Great things take time. Behind every successful person are lots of unsuccessful years and rejections. Margaret Mitchell’s Gone With The Wind was rejected 38 times before finding a publisher. Stephen King’s Carrie received 30 rejections. William Golding’s Lord of the Flies was rejected 20 times. If these authors gave up quickly on their first try then we wouldn’t have these books in the world of literature.

In his book Think and Grow Rich, Napoleon Hill said this about persistence:

There may be no heroic connotation to the word ‘persistence’, but the quality is to character what carbon is to steel.
— Napoleon Hill


We build the foundation of success with persistence during our time of being unsuccessful. The stronger our foundation, the more lasting success will be. Look at the legends in music, what some calls music’s Holy Trinity: Madonna, the late Michael Jackson and the late Prince. They are viewed as successful not because they had a hit single or an album during their peaks but because even after hitting the jackpot at different points in their careers, they keep moving, making music after music, building their vast discographies that will last time beyond their time on Earth.

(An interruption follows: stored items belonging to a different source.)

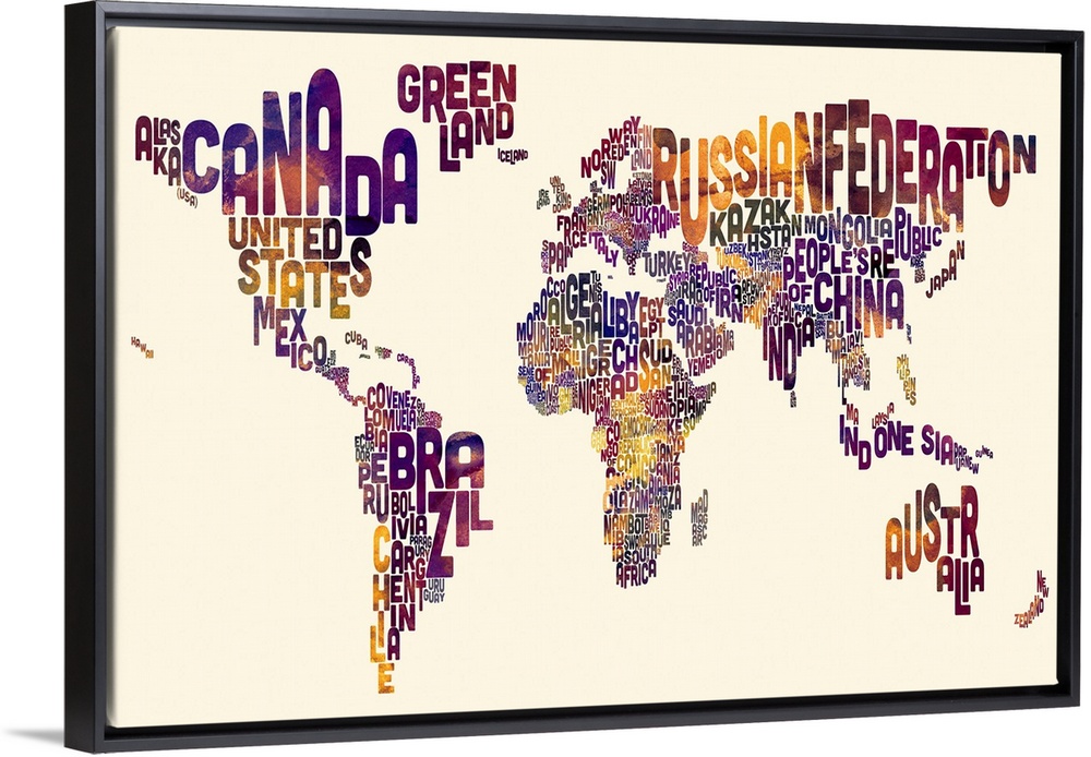 <p>Contemporary typography world map artwork. The name of the country makes up its shape.</p>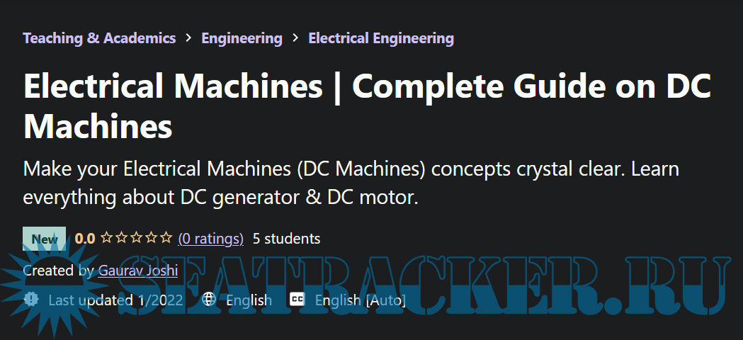 Year: 2022 Language: english Genre: Udemy Video Training Course Playtime: 4.5 Hours Quality: WEBRip Format: MP4 Video: 1280x720 Audio: 127kbps/48.0 kHz Description: Looking to fix your electric machines basics? Want to understand DC machines crystal clear and in the easiest language? If yes, then this course is for you. By the end of this course, your DC machines concepts will be clearer to you than others. You'll not only understand the concepts but, you'll master the DC machines i.e. DC Generator & DC Motor both. Understanding DC machines is very important. This creates the base for other electrical machines as well like Transformer or Induction motors, etc. This course mainly focuses in clearing the concepts. Many of the books are exam oriented and it can be difficult for many people to clear the concepts only using the books. This course is designed & organised in such a way that, it makes the understanding very easy, as we'll learn concepts step by step in the proper manner. Upon completion of this course, you'll have .. Working knowledge about DC Generator & Motor EMF Equation (for generator) & Back EMF (for motor) Complete understanding of Armature reaction, Clear understanding of commutation process Types of DC Generator & Motor and their characteristics Speed control methods of DC Motor Starters & Braking methods Losses in DC machines, etc Who this course is for ? Electrical Diploma Students BE or B-tech Students (Electrical Engineering) ME or M-tech students Students preparing for different exams (GATE, State Utility, etc) Teachers Electrical/Machines enthusiast Who this course is for: Diploma students Electrical Engineering Students ME or M-tech students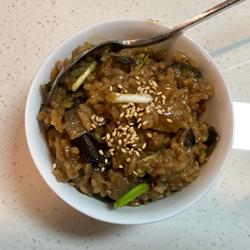 3.Add water, cook for 20 minutes, pour in the remaining rice, and simmer for two Minutes, add onions and garlic, stir evenly, and remove from the pan.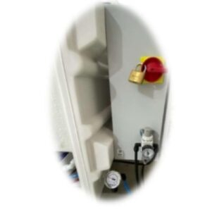 - Solution tank levels, deionized water in the saturator tower, and water jacket levels are located on the front side and are easy for the operator to view, in addition to having electronic safety level controls.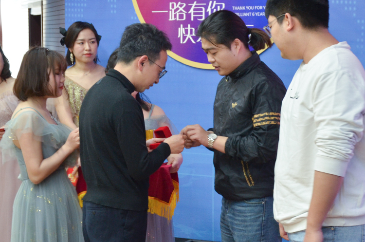 “能干会玩”是一种生命的平衡,可以提高我们的生命质量,可以帮助我们迈向更健康的人生;会玩的人思想和生活上更加丰富,自然更具有分析能力、想象力和创造力,会让生活更有激情和活力,心理健康综合指数同样也会更高。悦来悦好真心希望每一位家人都能做一个能干会玩的人!接下来就到了本次仪式最关键的时刻:为了感谢家人们为公司发展作出的巨大贡献,公司将对入司一周年、三周年的员工送上一枚专属定制的戒指。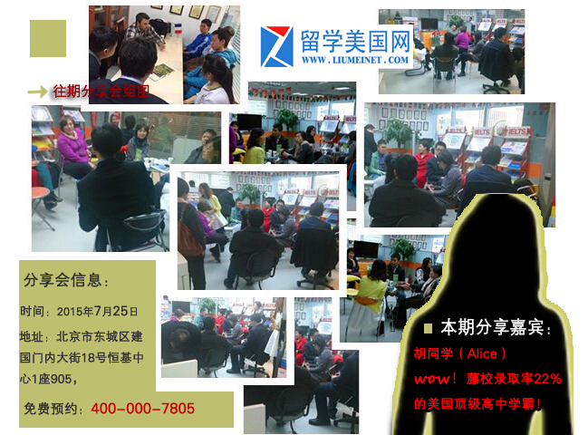 温馨提醒:分享会优先邀请了留学美国网今年秋季即将赴美读书的同学们,座次非常有限,所以建议大家一定要提前预约哦!

There’s a reason we don’t remember the names of those who quit. There’s also a reason we don’t remember those who took shortcuts. The roots of their success weren’t deep.

If you take shortcuts, you get cut short.
— Gary Busey


“I’m such a long way from where I, long way from where I wanna be,” Allen sang in the song’s chorus. “So I’ll keep moving on cause I know my time will come,” he repeated a few times until the end of the song, reminding us to never give up and keep trying. 

Your time will come. Never give up. Keep trying.